Monsieur l'Ambassadeur,

1. Je suis heureux de recevoir les Lettres qui vous accréditent comme Ambassadeur de la République bolivarienne du Venezuela près le Saint-Siège, à l'occasion de cette rencontre qui m'offre également l'heureuse opportunité de vous souhaiter la plus cordiale bienvenue, au moment où vous assumez les fonctions dont votre gouvernement vous a chargé.

Je désire également vous exprimer ma sincère reconnaissance pour vos paroles courtoises, ainsi que pour le salut respectueux du Président de la République, M. Hugo Rafael Chávez Frías, dont vous vous êtes fait l'interprète, en vous priant de lui faire parvenir mes remerciements, ainsi que mes sentiments sincères de proximité et d'affection pour le peuple vénézuélien, pour lequel je prie le Tout-Puissant afin que, dans la situation actuelle de sa vie sociale et économique, il recherche avec ténacité les solutions les plus appropriées pour parvenir à des objectifs toujours plus élevés de justice, de solidarité et de progrès, selon l'esprit chrétien qui a tant contribué à forger votre identité nationale.
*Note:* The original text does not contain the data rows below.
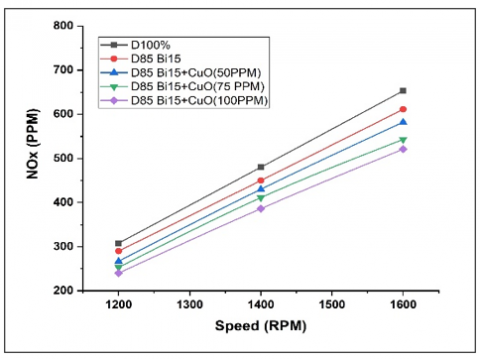 Figure 20 depicts the correlation between nitrogen oxide (NOx) emissions, measured in parts per million (PPM), and engine speed, measured in revolutions per minute (RPM), for various fuel mixtures. NOx emissions positively correlate with engine speed, rising from 1200 RPM to 1600 RPM across all fuel mixes. This phenomenon is anticipated since higher engine speeds often lead to elevated combustion temperatures, which in turn cause an increase in the generation of NOx. At all engine speeds, using 15% biodiesel (D85 Bi15) results in lower NOx emissions than using 100% diesel (D100%). The decrease in NOx emissions may be ascribed to the oxygen content in biodiesel, which facilitates enhanced combustion and thus reduces NOx emissions. Adding CuO nanoparticles to biodiesel blends leads to an additional decrease in NOx emissions [28]. The decline is more noticeable with greater concentrations of CuO. At 1600 RPM, D85B15 CuO100 emits 521 ppm NOx, a 17.3% reduction compared to the 611 ppm from the D85B15 blend.
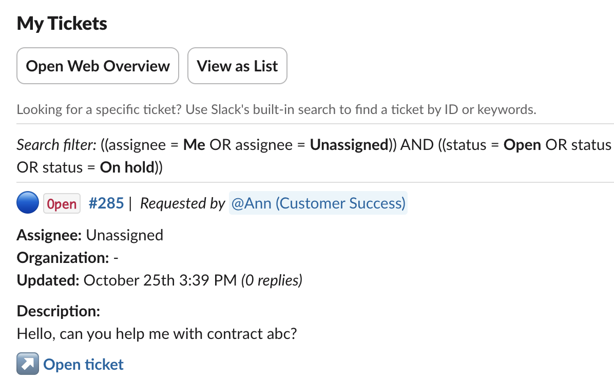 You can view all details on a ticket in the Web and in Slack.&#x20;
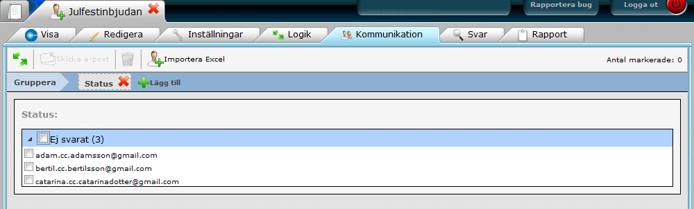 16. Kryssa i Ej svarat. (Ej svarat betyder de mottagare vi laddat up och som ännu inte besvarat vår Foorm. Detta för att underlätta påminnelseutskick).
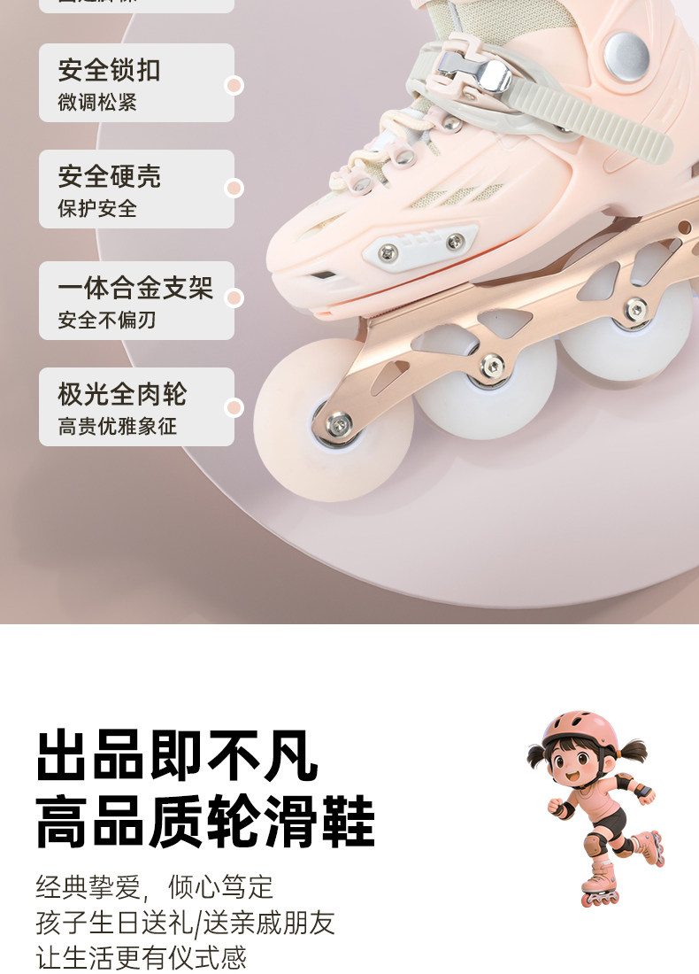 | Color Classification | [Locked Wheel Model] Chuhuo Powder [Aurora Full Meat Wheel + Integrated Alloy Bracket],[Locked Wheel Model] Elegant Blue [Aurora Full Flesh Wheel + Integrated Alloy Bracket],[Locked Wheel Model] Rice Fir Green [Aurora Full Meat Wheel + Integrated Alloy Bracket],[Locked Wheel Model] Moonlight White [Aurora Full Meat Wheel + Integrated Alloy Bracket],Light Purple [Light Luxury Vector Label + Full Flesh Aurora Flash Wheel],Light Blue [Light Luxury Vector Logo + Full Flesh Aurora Flash Wheel],The Complete Set Includes a High-End Helmet and Protective Gear, a Custom Bag, a Wheel Lock, and Gift Box Packaging.,[Locked Wheel Model] Chuhuo Powder [T9 Adjustable Helmet + Protective Gear + Gifts] Aurora Full Meat Wheel + Integrated Alloy Bracket,[Locked Wheel Model] Elegant Blue [T9 Pink Adjustable Helmet + Protective Gear + Gifts] Aurora Full Flesh Wheel + Integrated Alloy Bracket,[Locked Wheel Model] Elegant Blue [T9 Black Adjustable Helmet + Protective Gear + Gifts] Aurora Full Flesh Wheel + Integrated Alloy Bracket,[Locked Wheel Model] Rice Fir Green [T9 Adjustable Helmet + Protective Gear + Gifts] Aurora Full Meat Wheel + Integrated Alloy Bracket,[Locked Wheel Model] Moonlight White [T9 Adjustable Helmet + Protective Gear + Gifts] Aurora Full Flesh Wheel + Integrated Alloy Bracket,[Locked Wheel Model] Chuhuo Powder [Solid Full Meat Wheel + Integrated Alloy Bracket],[Lock Wheel Model] Light Blue [Solid Full Meat Wheel + Integrated Alloy Bracket],[Locking Wheel Model] Rice Fir Green [Solid Full Meat Wheel + Integrated Alloy Bracket],[Locking Wheel Model] Chuheda Powder [T9 Adjustable Helmet + Protective Gear + Gifts] Solid Full Meat Wheel + Integrated Alloy Bracket,【Locking Wheel Version】Elegant Blue 【T9 Adjustable Helmet + Protective Gear + Free Gifts】Solid Full Meat Wheels + Integrated Alloy Frame,[Locked Wheel Model] Rice Fir Green [T9 Adjustable Helmet + Protective Gear + Gifts] Solid Full Meat Wheel + Integrated Alloy Bracket,1 |
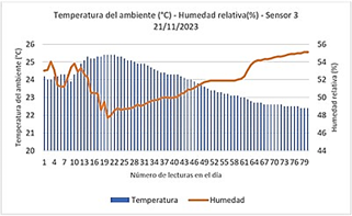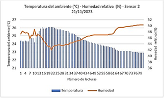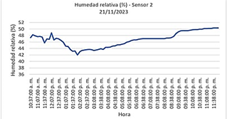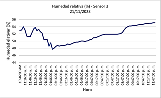 Los resultados que se obtuvieron son congruentes con las condiciones climáticas que se presentaron en esos días, sin olvidar que los sensores se encontraban en la etapa de pruebas y calibración. En las gráficas se observan valores menores de 70% de la Humedad Relativa, por lo cual, las zonas monitoreadas no se encuentran en peligro.
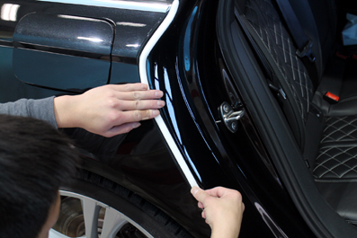 こちらのBMWさんより、ステップガードフィルムをご依頼いただきました。車の乗り降りなど、靴でキズがついてしまうのを保護するフィルムです。素材が透明なので貼り付けてもさほど気にならず、フィルムの表面が痛んで来たら剥がして新しいフィルムを貼り替えれます。乗り降り部分に張っておくだけで、スリ傷防止に絶大な効果を発揮します!^^さらに、ご要望いただいたのが、クオーツガラスコーティング。ガラスの膜で汚れにくい車をつくります!フロントグリルなどの細かい部分もスプレー工法なので隅々まで施工ができちゃいま...
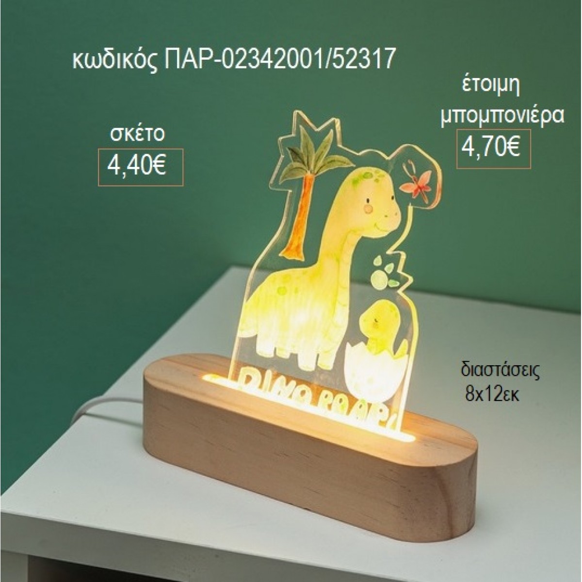 ΔΕΙΝΟΣΑΥΡΟΣ PLEXIGLASS ΚΟΠΤΙΚΟ ΣΕ ΞΥΛΙΝΗ ΟΒΑΛ΄ΒΑΣΗ ΜΕ LED ΦΩΤΙΣΜΟ για μπομπονιέρες γούρι δώρο ΠΑΡ-02342001/52317 4.40€!!!
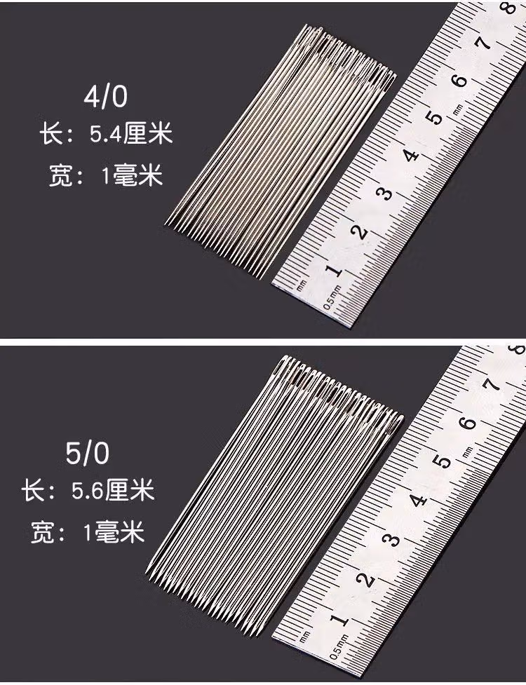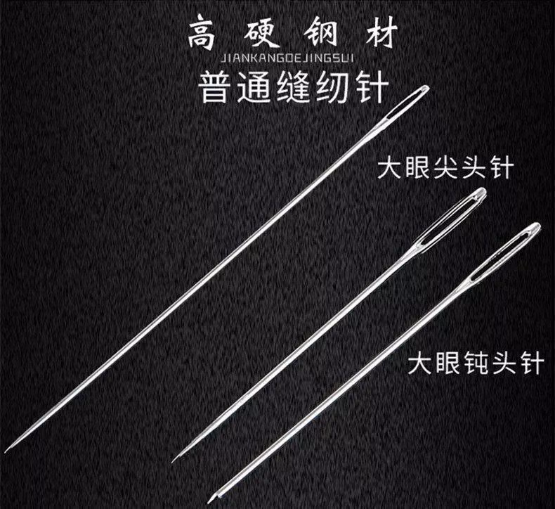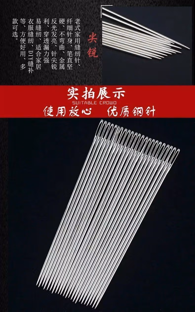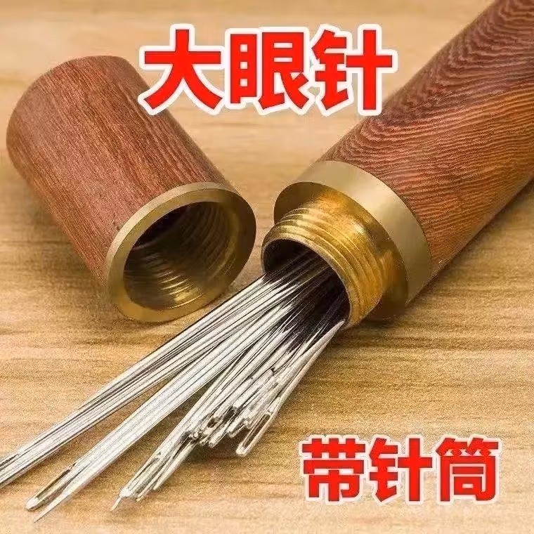 大眼针手缝针老人针家用大眼细长传统手工缝衣缝被子木桶针线盒大眼针-【5种尺寸混合新组合装】 1瓶24根 檀木针筒 戒指顶针

2. Comme vous l'avez rappelé dans vos paroles, votre pays possède une antique et profonde tradition catholique - comme l'a dit avec emphase le libérateur Simon Bolivar - et il se caractérise par une grande estime et vénération à l'égard du Successeur de Pierre. Il ne faut pas non plus s'étonner de l'importance que le gouvernement a accordée au deuil lors de la disparition de mon vénéré prédécesseur, le Pape Jean-Paul II, ainsi que des délégations envoyées en cette circonstance et également à l'occasion du début solennel de mon Pontificat. Pour sa part, le Saint-Siège suit de très près les événements de cette chère "terre de grâce", et il en a donné la preuve en de nombreuses occasions.

C'est pourquoi, je vous exprime mes meilleurs voeux afin que, au cours du déroulement de votre importante mission, les relations traditionnelles et historiques entre le Venezuela et le Saint-Siège soient renforcées dans un esprit de collaboration loyale et constructive.

3. La terre vénézuélienne a été dotée de manière prodigieuse de ressources naturelles par le créateur, ce qui implique la responsabilité de protéger et de cultiver les dons reçus (cf. Gn 2, 15) pour que tous ses habitants aient la possibilité de mener une vie en accord avec la dignité qui revient à chaque être humain.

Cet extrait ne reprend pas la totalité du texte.